In addition, the processor 330 may control the image display apparatus 100 by a user command or an internal program input through the user input interface unit 150. [

In addition, the processor 330 may perform data transfer control with the network interface unit 135 or the external device interface unit 130.

The processor 330 may control operations of the demultiplexing unit 310, the image processing unit 320, the OSD generating unit 340, and the like in the controller 170.

The OSD generation unit 340 generates an OSD signal according to a user input or by itself. For example, based on a user input signal, a signal for displaying various information in a graphic or text form on the screen of the display 180 can be generated. The generated OSD signal may include various data such as a user interface screen of the video display device 100, various menu screens, a widget, and an icon. In addition, the generated OSD signal may include a 2D object or a 3D object.

The OSD generating unit 340 can generate a pointer that can be displayed on the display based on the pointing signal input from the remote control device 200. [ In particular, such a pointer may be generated by a pointing signal processing unit, and the OSD generating unit 240 may include such a pointing signal processing unit (not shown). Of course, a pointing signal processing unit (not shown) may be provided separately from the OSD generating unit 240.

The mixer 345 may mix the OSD signal generated by the OSD generator 340 and the decoded video signal processed by the image processor 320. At this time, the OSD signal and the decoded video signal may include at least one of a 2D signal and a 3D signal. The mixed video signal is supplied to a frame rate converter 350.

A frame rate converter (FRC) 350 can convert the frame rate of an input image. On the other hand, the frame rate converter 350 can output the frame rate without conversion.

The formatter 360 can arrange the frame rate converted 3D image.

The formatter 360 receives the mixed signal, i.e., the OSD signal and the decoded video signal, from the mixer 345, and separates the 2D video signal and the 3D video signal.

In the present specification, a 3D video signal means a 3D object. Examples of the 3D object include a picuture in picture (PIP) image (still image or moving picture), an EPG indicating broadcasting program information, Icons, texts, objects in images, people, backgrounds, web screens (newspapers, magazines, etc.).

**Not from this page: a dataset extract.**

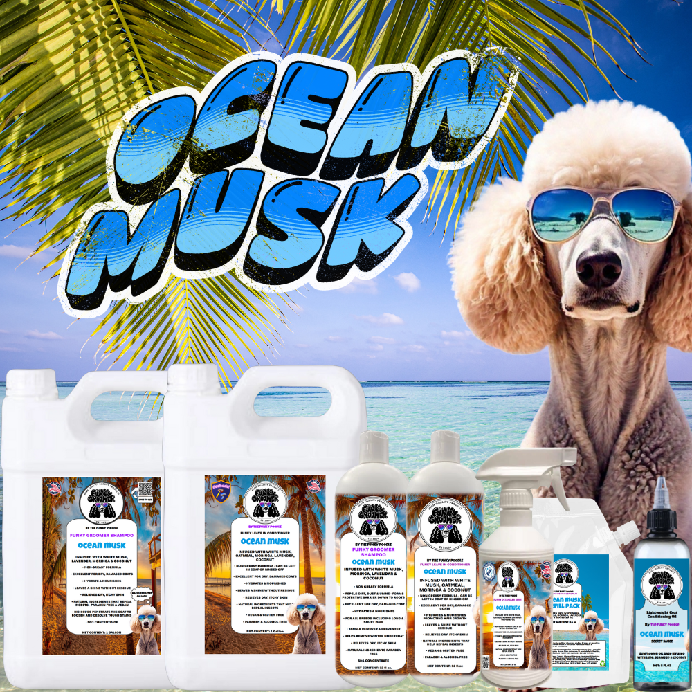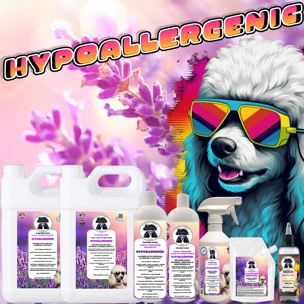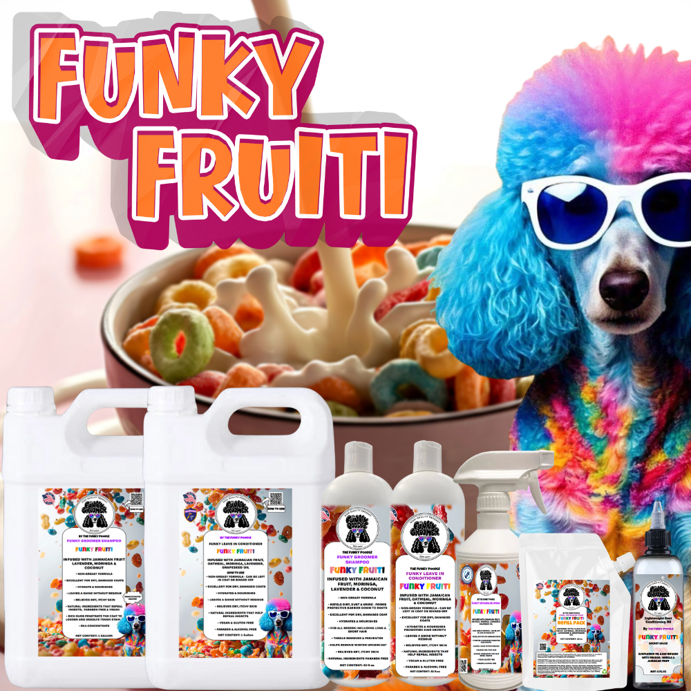 DOG sample PRO kit includes 4oz shampoo, 4oz conditioner, 4oz detangler spray, 2oz scissor spray & 2oz Funky Secret Sauce

On the other hand, the formatter 360 can change the format of the 3D video signal. For example, when a 3D image is input in the above-described various formats, it can be changed to a multi-view image. In particular, it is possible to change the multiple viewpoint image to be repeated. Thereby, the 3D image of the non-spectacle type can be displayed.

Meanwhile, the formatter 360 may convert the 2D video signal into a 3D video signal. For example, according to a 3D image generation algorithm, an edge or a selectable object is detected in a 2D image signal, and an object or a selectable object according to the detected edge is separated into a 3D image signal and is generated . At this time, the generated 3D image signal may be a multiple view image signal as described above.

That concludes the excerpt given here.